■ **Assignment**
Your answer must be the lines from the one holding "集團黨委書記、董事長周正雄當選中國港口協會八屆理事會常務理事" through the final line of the entries below, copied exactly, with no pictures.

■ **Provided records**

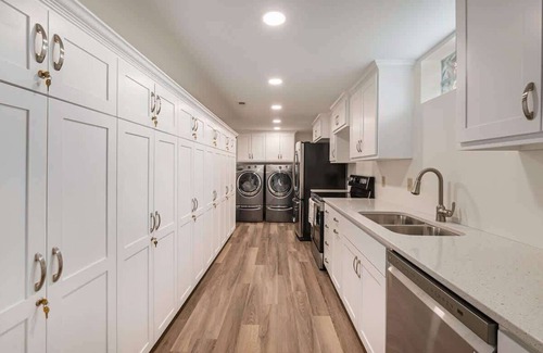 - 1st Floor: You can enter the home the either the attached garage or by way of the keyless entry on the front door. You will immediately be greeted by the open concept dining room with an high top table and living room connected. This is a great place for the family to hang out and enjoy each others company. Walking into the living room you will be greeted by a mounted 85" Smart TV, beautiful brick fire place, and a reclining leather sectional with built-in cupholders and storage space. Walking into the first kitchen of two, you will notice another dining table for four more guests to enjoy. This kitchen comes fully stocked with all the utensils you will need and all stainless steel modern appliances. On the other side of the living room you will find the first full bathroom followed by the master bedroom containing a King sized bed as well as a full bathroom. Completing the upstairs rooms is the bedroom opposite the master with a queen sized bed.
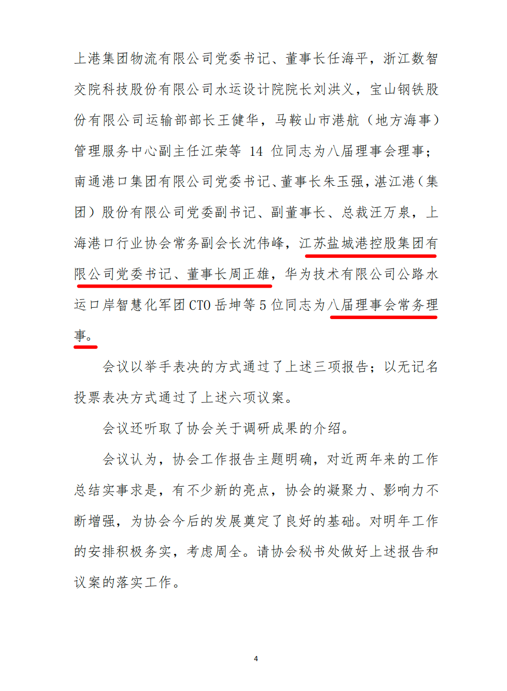 集團黨委書記、董事長周正雄當選中國港口協會八屆理事會常務理事
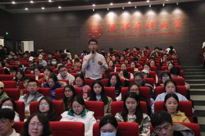 药学院院长张宇、党委书记李哲、副院长熊志立、副院长赵勤富、副院长宋艳志、副院长毛玉玲与党委副书记史琳琳出席此次学术活动,药学院青年教师与学生辅导员以及来自全校各院系本科生与研究生共同参与,现场学术氛围浓厚。
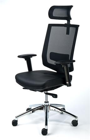 Exkluzívna kancelárska stolička s opierkou hlavy, čierna koža, sieťové operadlo,hliníkový podstavec, MAYAH "Maxy"
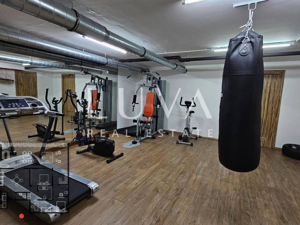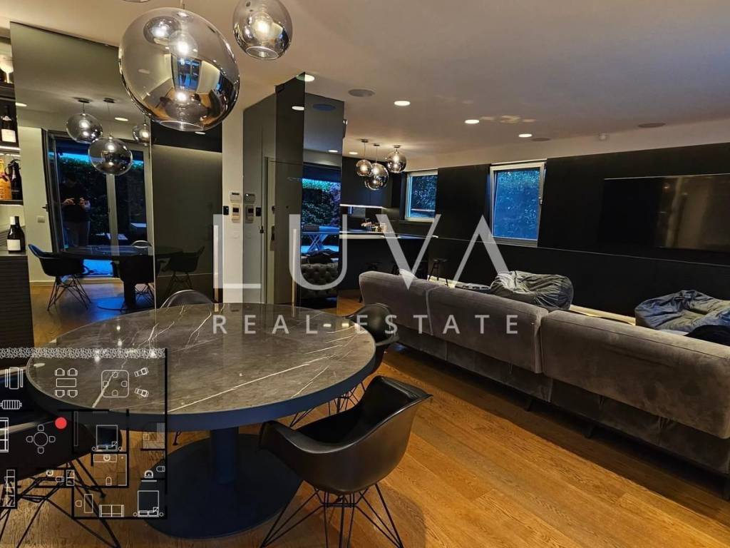 The apartment is fully luxuriously furnished and equipped with high-end systems. Air conditioning in all rooms, hidden radiators, premium audio system in the living room and bedrooms, TVs in every room, as well as the fastest optical internet with the best routers. The property also includes a garage for two cars, two additional outdoor parking spaces, and a 10 m² basement.
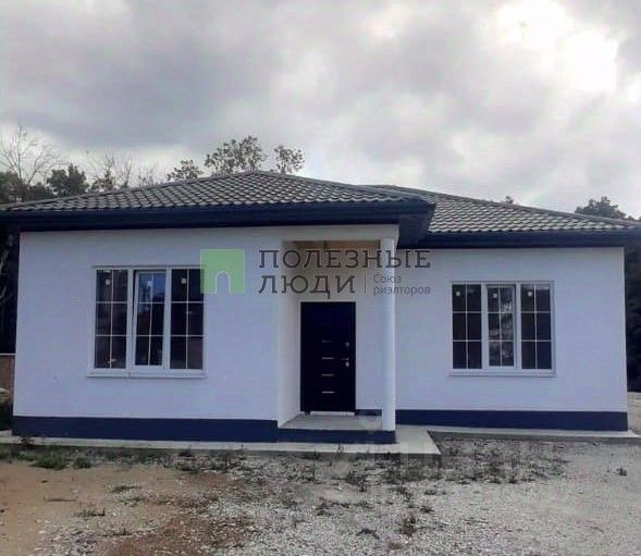 Дом 1 этажный: кухня-гостиная с витражным остеклением с выходом на террасу, 3 спальни, ванная, прихожая.

■ **Exercise result**
 集團黨委書記、董事長周正雄當選中國港口協會八屆理事會常務理事
 药学院院长张宇、党委书记李哲、副院长熊志立、副院长赵勤富、副院长宋艳志、副院长毛玉玲与党委副书记史琳琳出席此次学术活动,药学院青年教师与学生辅导员以及来自全校各院系本科生与研究生共同参与,现场学术氛围浓厚。
 Exkluzívna kancelárska stolička s opierkou hlavy, čierna koža, sieťové operadlo,hliníkový podstavec, MAYAH "Maxy"
 The apartment is fully luxuriously furnished and equipped with high-end systems. Air conditioning in all rooms, hidden radiators, premium audio system in the living room and bedrooms, TVs in every room, as well as the fastest optical internet with the best routers. The property also includes a garage for two cars, two additional outdoor parking spaces, and a 10 m² basement.
 Дом 1 этажный: кухня-гостиная с витражным остеклением с выходом на террасу, 3 спальни, ванная, прихожая.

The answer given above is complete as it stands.